Joe Pedly, chief financial officer for Mercy Regional Medical Center, agreed and said without the financing and purchasing leverage Centura’s big system provides, the hospital wouldn’t be faring as well as it has in recent years. The hospital benefits particularly, and maybe ironically, in health-insurance cost savings for its employees, he said.

Mercy Regional Medical Center ended 2010 with $10 million in net income a report said. Pedly said 2011 numbers were similar. The hospital definitely has had some bad years, though, he said.

“The margins are so fragile in the hospital business,” Pedly said.

The number of independent hospitals continues to fall with each passing year as major hospital systems take over. Of Colorado’s 27 hospitals, only six remain independent.

Mercy Regional Medical Center’s merger with Centura last spring is an example.

Meanwhile, many smaller hospitals are fighting to stay in the black — particularly in the face of impending health-care reform rules that will affect both providers and insurers. Insurers already are “preparing for battle” and “aggressively raising rates,” to combat the effects of health-care reform, even though much of the reform’s rules won’t be implemented until 2014, Gosney said.

As more people are added to Medicaid under the new rules and federal help with the increased costs tapers off in the coming years, Gosney said hospitals such as Animas Surgical Center must consider “how much can we absorb?”

The once-bloated health-care and hospital systems in the state and nation have stripped much of the “fat” that previously kept costs high, he said.

“We must make the jump from very efficient to hyper-efficient,” he said.

Gosney predicted many rural hospitals will shutter in the coming years because they are unable to cope with the situation.

For Gosney’s hospital, which treats a rapidly growing population of active baby boomers on Medicaid who need expensive procedures to keep them active and healthy, such as total knee and hip replacements, concerns are mounting that federal reimbursements will fall further from covering costs or won’t cover the procedures at all.

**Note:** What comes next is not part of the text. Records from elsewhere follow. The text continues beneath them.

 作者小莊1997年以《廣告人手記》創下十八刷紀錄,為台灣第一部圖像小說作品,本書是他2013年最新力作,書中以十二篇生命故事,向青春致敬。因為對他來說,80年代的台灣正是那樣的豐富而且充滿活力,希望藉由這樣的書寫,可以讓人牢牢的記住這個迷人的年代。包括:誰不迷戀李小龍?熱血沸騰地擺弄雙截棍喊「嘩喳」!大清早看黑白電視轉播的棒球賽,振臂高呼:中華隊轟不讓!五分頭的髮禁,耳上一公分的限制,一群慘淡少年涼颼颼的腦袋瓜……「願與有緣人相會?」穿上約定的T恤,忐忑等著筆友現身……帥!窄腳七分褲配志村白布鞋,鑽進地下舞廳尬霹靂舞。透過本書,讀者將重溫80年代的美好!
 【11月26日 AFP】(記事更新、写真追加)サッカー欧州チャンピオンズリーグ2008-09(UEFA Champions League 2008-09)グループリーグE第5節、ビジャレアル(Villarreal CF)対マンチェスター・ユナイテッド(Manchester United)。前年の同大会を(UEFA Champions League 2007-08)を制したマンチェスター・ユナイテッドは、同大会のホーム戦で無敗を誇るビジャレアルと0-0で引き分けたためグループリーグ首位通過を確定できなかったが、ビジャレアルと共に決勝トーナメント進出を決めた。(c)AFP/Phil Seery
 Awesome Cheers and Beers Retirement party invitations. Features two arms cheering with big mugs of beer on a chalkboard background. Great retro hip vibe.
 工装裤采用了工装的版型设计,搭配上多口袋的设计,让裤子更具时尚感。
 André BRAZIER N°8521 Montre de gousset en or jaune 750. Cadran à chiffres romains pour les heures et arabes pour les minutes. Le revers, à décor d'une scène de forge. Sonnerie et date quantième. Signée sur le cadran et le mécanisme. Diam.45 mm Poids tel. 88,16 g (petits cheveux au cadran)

“We’ve all heard the politicians talking about Medicare being bankrupt in 20 years,” Gosney said. “That’s real stuff.”

His advice to locals and the hospital’s plans for the future: “We will continue to do our best to have a terrific hospital, but the best thing people can do is be focused on prevention and try to stay out of the hospital.”

Pedly echoed the need for locals to be focused on prevention, saying it’s important people “take charge of their health,” listen to their doctors, take prescribed medications and generally have healthful lifestyle habits. But he worries less about the impending health care reforms and the future of federal programs.

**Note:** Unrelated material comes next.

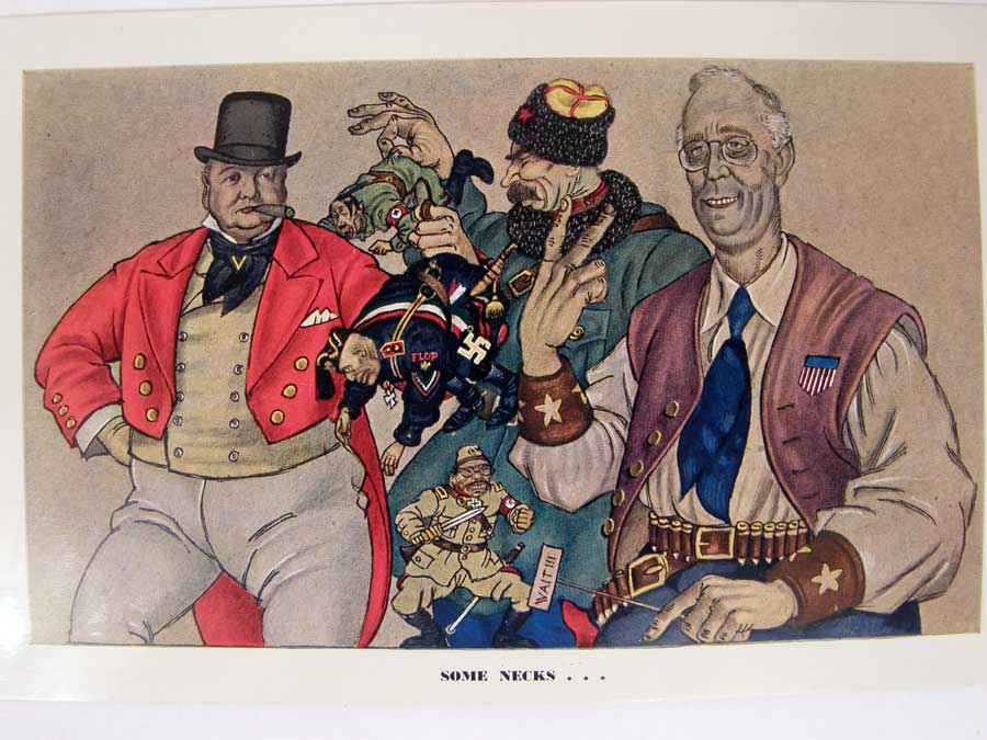 SOME NECKS....showing Roosevelt, Stalin and Churchill stringing up the bad guys

Pedly thinks the future of Medicare and Medicaid remains in the voters’ hands, and people will not let important benefits and programs be cut.

Also, unlike many hospitals in the nation that will see payments and revenue decline under the new rules because of new policies that will penalize hospitals with lower-quality facilities and services, Mercy likely will see a slight increase, he said.

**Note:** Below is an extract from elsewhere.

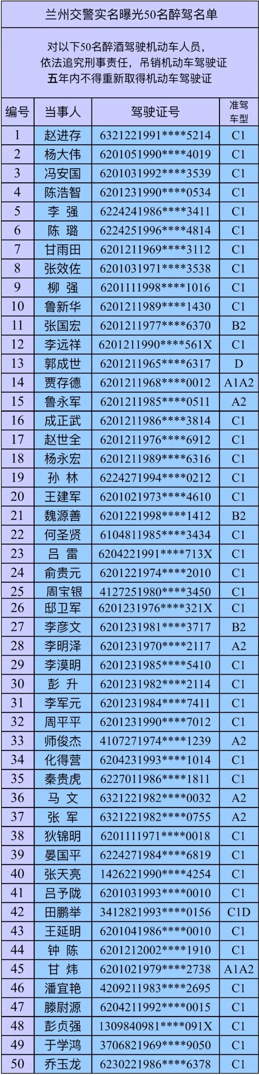 交警每天都在強調“喝酒不開車,開車不喝酒”。盡管如此,還是有部分駕駛員不聽勸!在違法邊緣瘋狂試探。今天,蘭州公安交警實名曝光50名醉駕人員。

“We’re in a better position than other hospitals today because of the quality care we provide,” Pedly said.



Colorado Public News contributed to this report.

Mercy Medical Center encourages caring

Caring for the community, Mercy Regional Medical Center executives stress, has been an integral part of the hospital’s mission since it was founded in 1882.
Much of the care it provides is not reimbursed. Today, the hospital not only provides medical services to those who need it and cannot afford to pay, but it also encourages employee volunteerism and donates cash and gifts to local nonprofits and community organizations that promote physical and spiritual health and wellness.
From July 1, 2010, to June 30, 2011, the hospital reports:
$8 million in community benefits were provided, with much of that going to caring for uninsured and under-insured patients.
$3.17 million in charity care was provided.
$4.91 million in indigent care and care for under-insured Medicaid recipients was provided.
$120,000 in non-billed health services were provided communitywide.
$6.7 million in unreimbursed costs associated with treating Medicare patients was absorbed.